Here’s a letter to the Wall Street Journal:
Thomas Geoghegan’s outburst against Boeing’s plan to operate a factory in South Carolina is a swirl of disingenuous, illogical, and economically laughable assertions (“Boeing’s Threat to American Enterprise,” June 20). To the extent that one deciphers this zany mess, Geoghegan’s argument boils down to this: by taking advantage of a less-costly source of labor, Boeing undermines its own quality and America’s industrial might while discouraging young people from going to college.
Nonsense.
Firms remain vibrant in a competitive economy by constantly reducing their production costs. And switching production activities from high-cost workers to lower-cost workers is no less effective a means toward this goal – and no more unusual or ominous – than is switching production activities from high-cost workers to lower-cost machines.
Would Mr. Geoghegan argue that Boeing’s consistently increasing mechanization of its operations over the years promoted American industrial decline? Would he support government efforts to force Boeing to destroy all of its computers and have its aircraft designed instead by armies of engineers equipped only with slide rules and pencils?

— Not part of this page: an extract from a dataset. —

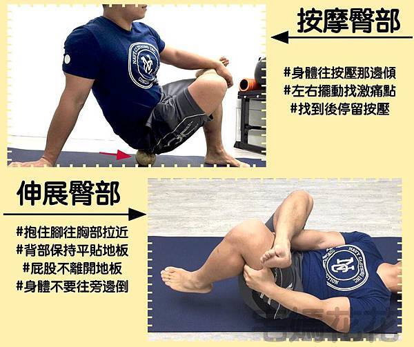 按摩:將球放在照片紅圈處,來回滾動找出激痛點,停留在激痛點上10~20秒,深呼吸,勿憋氣。感覺沒有那麼痠痛後再來回滾動慢慢的按摩肌肉,勿快速滾動。若當中有發現另一個激痛點則同樣停留按壓,重覆幾次至找不到激痛點。

Would he want Boeing’s production-line workers to use only 1950s-era (or, better yet, 1920s-era) hand tools? Does Mr. Geoghegan think that returning to such labor-intensive methods of aircraft design and production would improve the quality of Boeing’s operations and products while simultaneously promoting America’s industrial might and encouraging young people to go to college?
The head aches just to pose the questions – and aches worse to realize that his ‘arguments’ imply that he’d answer ‘yes.’